- **WORK INSTRUCTIONS**:
What is needed is the full listing written out exactly, minus the pictures.

- **DATA PROVIDED**:
┏━━
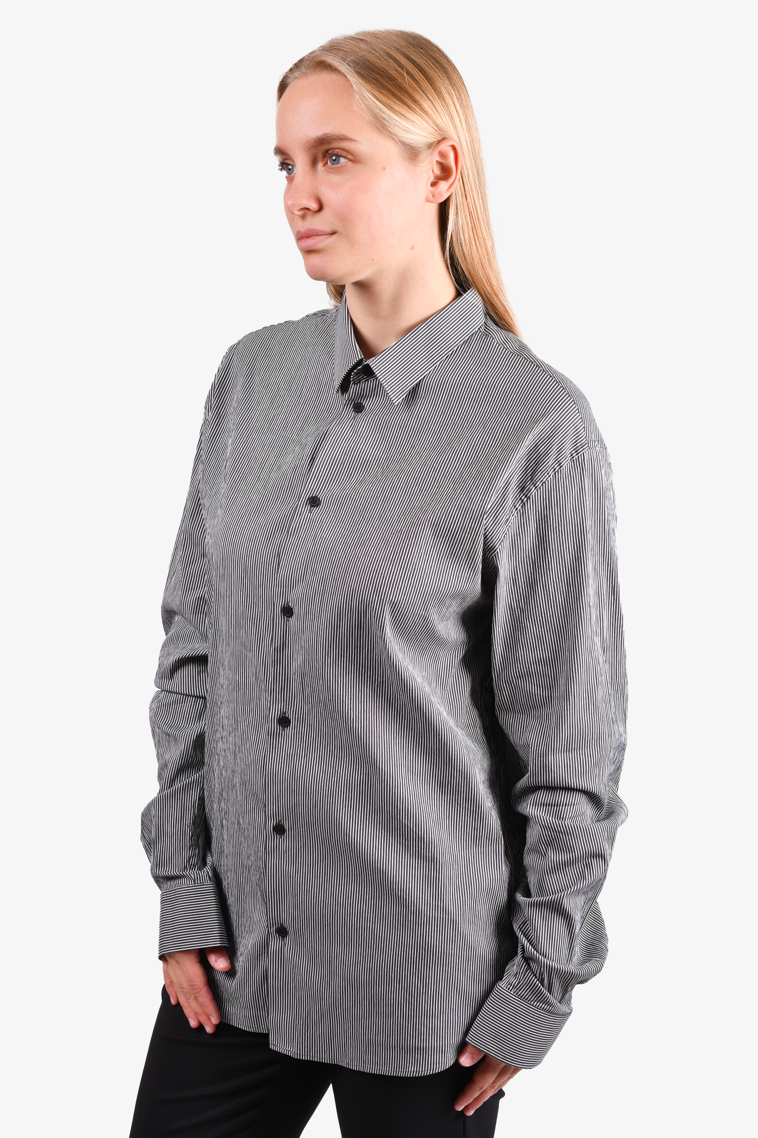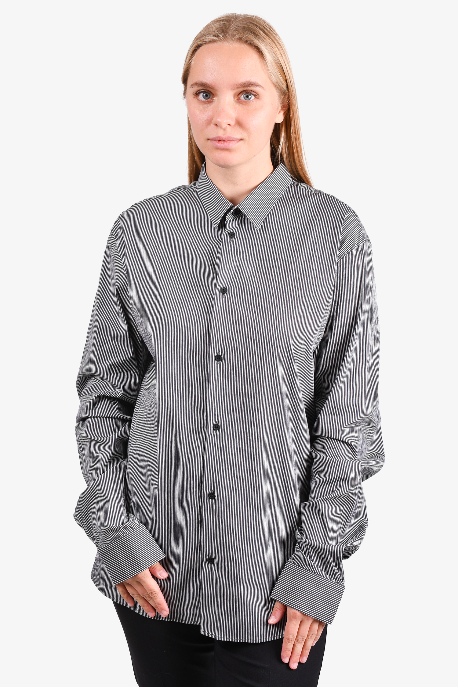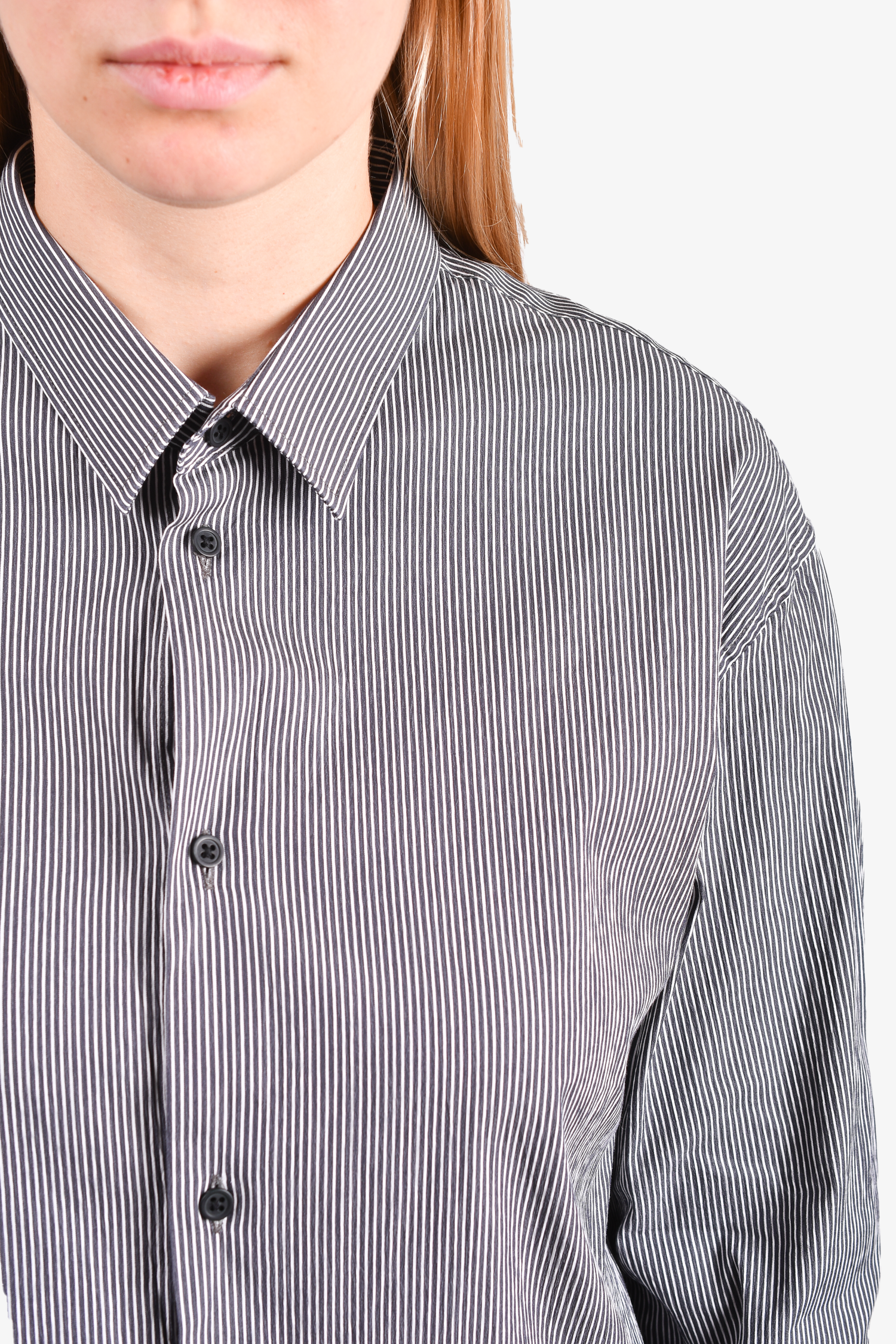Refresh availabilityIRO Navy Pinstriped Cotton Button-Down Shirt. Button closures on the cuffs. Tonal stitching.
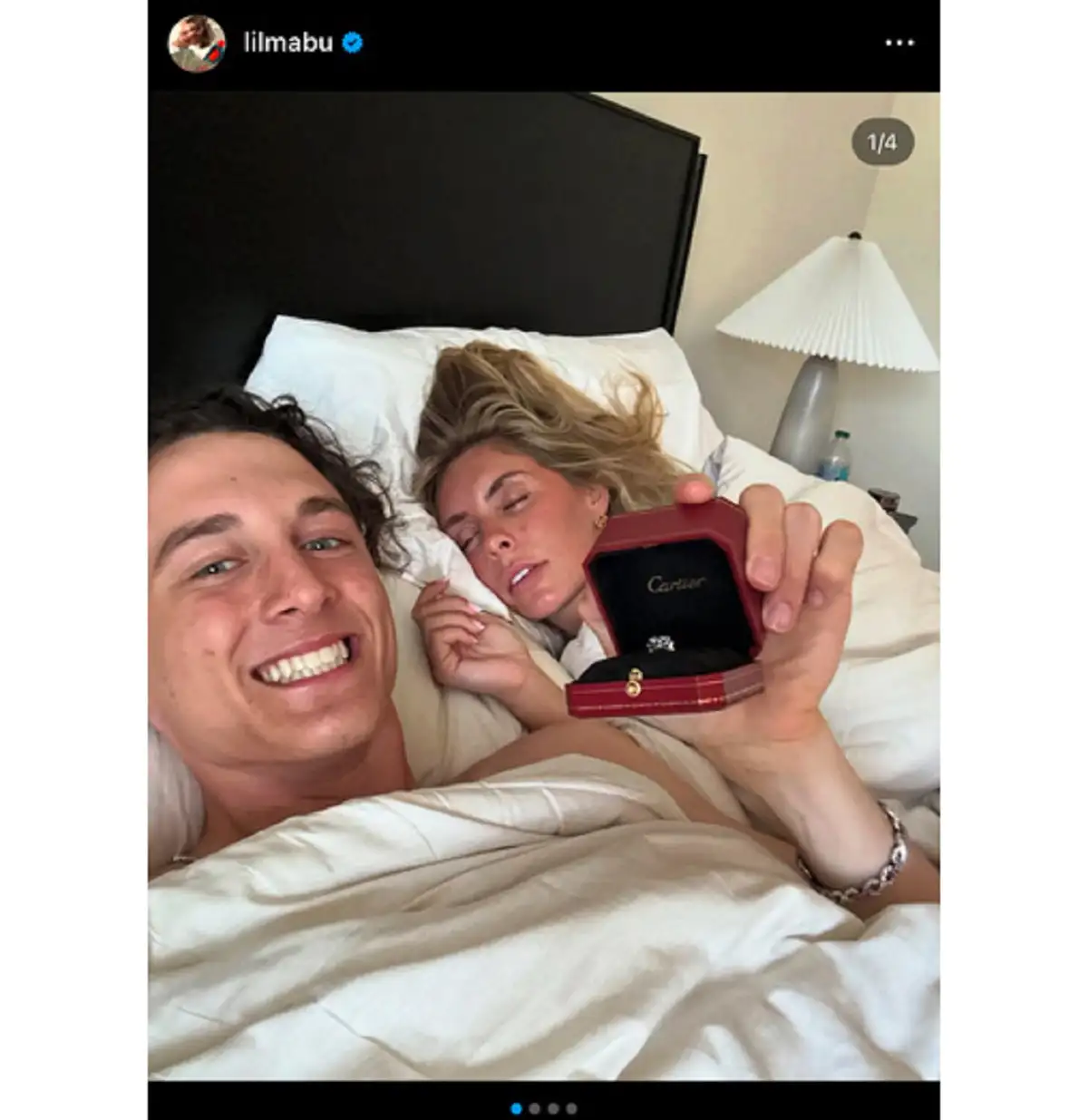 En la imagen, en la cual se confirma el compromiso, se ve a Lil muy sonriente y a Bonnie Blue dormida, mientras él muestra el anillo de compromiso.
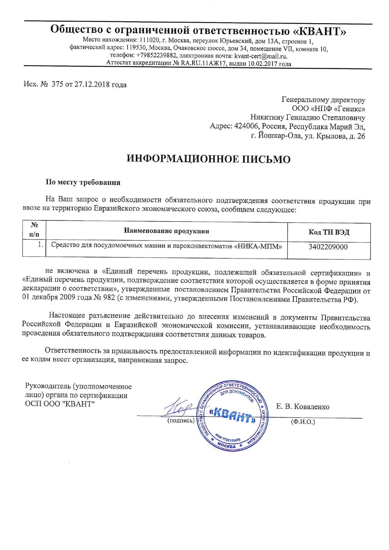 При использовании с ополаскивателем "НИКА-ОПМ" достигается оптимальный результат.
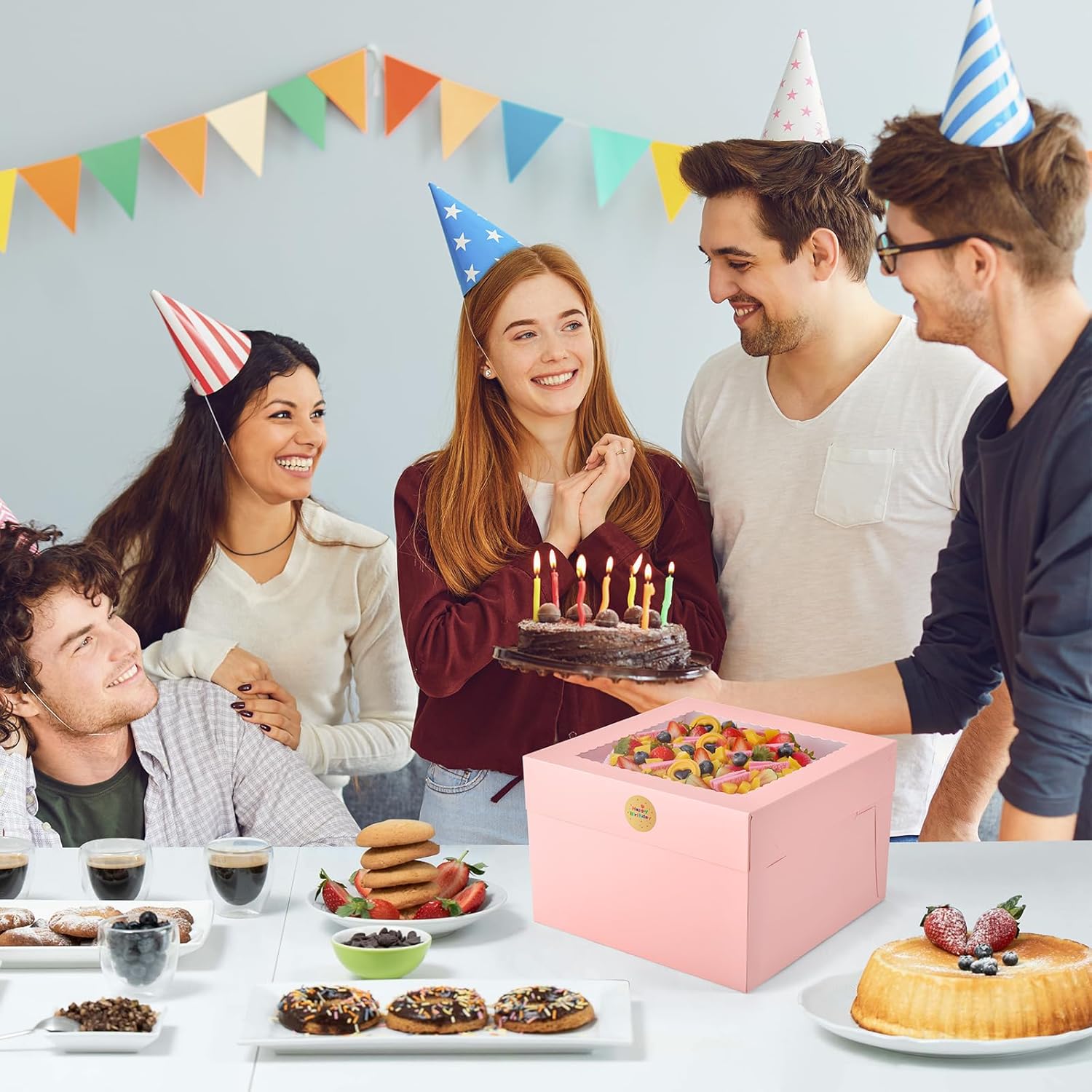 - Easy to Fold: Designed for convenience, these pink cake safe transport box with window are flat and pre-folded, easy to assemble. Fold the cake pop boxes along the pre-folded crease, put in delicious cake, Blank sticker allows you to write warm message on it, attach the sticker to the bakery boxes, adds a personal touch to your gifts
┗━━
- **EXERCISE RESPONSE**:
Refresh availabilityIRO Navy Pinstriped Cotton Button-Down Shirt. Button closures on the cuffs. Tonal stitching.
 En la imagen, en la cual se confirma el compromiso, se ve a Lil muy sonriente y a Bonnie Blue dormida, mientras él muestra el anillo de compromiso.
 При использовании с ополаскивателем "НИКА-ОПМ" достигается оптимальный результат.
 - Easy to Fold: Designed for convenience, these pink cake safe transport box with window are flat and pre-folded, easy to assemble. Fold the cake pop boxes along the pre-folded crease, put in delicious cake, Blank sticker allows you to write warm message on it, attach the sticker to the bakery boxes, adds a personal touch to your gifts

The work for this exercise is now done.